For the past couple of days, when I try to save pages, the Attention Required! page for captcha is either blank or the captcha header is loaded but not the rest of the page or captcha. I have to reload the page several times before it either goes back to the save page where you enter the url or captcha prompt works. This is annoying.

Please supply such reports with URL the page you accessing, your IP and IP of the server you connect to.

Aug 12, 2021

0 notes

is it possible to save a site continuously with a periodic schedule?

No

Aug 12, 2021

6 notes

is it possible to save a site continuously with a periodic schedule?

No

Aug 12, 2021

6 notes

Hi, do you know what font is used in plain text archives (images), such as qnqmT/image ? Thanks!

Looks like some programmer’s font leaked from the workstation: JetBrains Mono or PragmataPro Mono

Aug 12, 2021

0 notes

Is the website down? It's very slow. downforeveryoneorjustme is showing that it's down as well.

No, it works.

Aug 11, 2021

0 notes

If possible, would you mind fixing 'RQPbP'? The archiving process didn't save any of the actual text from the article. It's basically just a blank page. Thanks in advance (if you can help).

yes

Aug 11, 2021

0 notes

Can you please fix /3qBql, thank you

yes

Aug 11, 2021

0 notes

Will archivecaslytosk.onion be upgraded to Onion version 3.0 site??

archiveiya74codqgiixo33q62qlrqtkgmcitqx5u2oeqnmn5bpcbiyd.onion

Aug 11, 2021

0 notes

Could you fix iqoly please?

No. I (as a human) see infinite loop “checking your browser“ too. Try archive.org or Google cache.

Aug 10, 2021

1 note

Expand all on vPjiq?

yes

Aug 09, 2021

0 notes

Image omitted at "npYKs" , and re-archiving is not working (just shows npYKs again and again) . Could you help this?

https://archive.is/MZ8mK

Aug 09, 2021

0 notes

Cannot archive anything. Says "Server Error" Anyone else having this problem?

Just out-of-memory.

I will fix in few minutes.

Aug 09, 2021

0 notes

Why is it so tediously slow? I have to use a VPN every time I have to snapshot a page. Today I got an error message saying "this device is paused".
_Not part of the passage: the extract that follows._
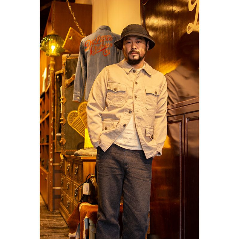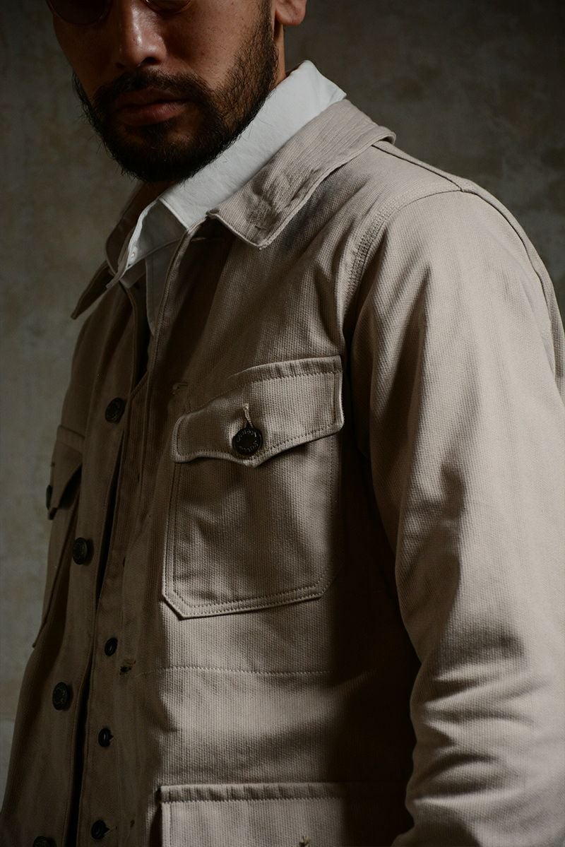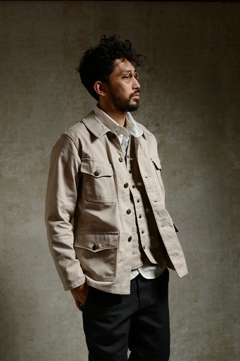 兵庫県西脇で製造したピケ素材を使用したジャケット「ノバック」。1910sフレンチハンティングジャケットを基にスタイリッシュにリプロダクトしたドレス&ワークジャケット。芸術的な新素材「スワローピケ」や独特のカタチなど、アンティークテイスト溢れる1着。

Can you provide more info about your network ?

Aug 08, 2021

1 note

Bonjour, sauvegardez vous des comptes Instagram ? Si oui, depuis combien de temps ? Combien de comptes Instagram sont présents dans vos bases de données ? C'est pour un travail de recherche en Master 2 Photographie. Merci de votre aide, cordialement, Julie T.
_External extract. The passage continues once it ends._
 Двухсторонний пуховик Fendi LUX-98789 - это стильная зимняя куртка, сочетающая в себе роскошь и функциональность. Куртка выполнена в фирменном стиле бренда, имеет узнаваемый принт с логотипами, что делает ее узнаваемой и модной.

I found an 10 years old Facebook account (which is valid for Instagram too). It seems that Facebook blocks old accounts only for few hours on untypical usage, not forever as recently registered accounts.

So far it works, but sometimes it results in a snapshot with “Bloqueo temporal. Parece que has usado de forma indebida esta función por ir demasiado rápido. Se te ha bloqueado temporalmente y no puedes usarla.“ instead of the content.

I have no fallback accounts to handle this.

If someone can donate old FB accounts, it would be helpful (I know there is a black market, but I am not ready to pay to keep FB/IG archiving active).

Aug 07, 2021

0 notes

This page got while livejournal archiving: czS2f

fixed

Aug 07, 2021

0 notes

I've noticed that the captcha renders empty when the archive URL has a percent notation in it, e.g., archive/7wmKm#42% when a captcha is required doesn't have anything in place of the captcha.

yes :(

technically, recaptcha is correct failing on this, http://archive.today/7wmKm#42% is not a valid url, it should be http://archive.today/7wmKm#42%25 following the standard, but #42% was there before recaptcha.

It seems that I have to copy recaptcha.js from google servers and fix it locally.

Aug 07, 2021

0 notes

Could you open all the "Learn More" sections in gJKLQ?

yes

Aug 07, 2021

0 notes

On kTcp6 you are redirected to an adblock as of today. Can you please commit this, but keep this block once. Thanks

Fixed. We updated Chromium recently (85 -> 92), this caused changes in interaction with some sites

Aug 05, 2021

0 notes

Can you please remove the cookie box on mCmko. Thank you

yes

Aug 03, 2021

0 notes

Show all depot files on SteamDB like on D93hv?

Fixed for existing snapshots. If you are going to save more pages like those, it won’t for them until tomorrow’s browser update (I have it locally but not on the servers yet)

Aug 03, 2021

0 notes

Could you please remove the cookie box on /rZEkc and /YbFR4 ...? Thanks!

yes

Aug 03, 2021

0 notes

Can you please make the individual pages visible on N3rhD (#slide1, #slide2 ...). Thank you

yes

Aug 03, 2021

0 notes

Ability to skip captcha for "donors/subscribers"?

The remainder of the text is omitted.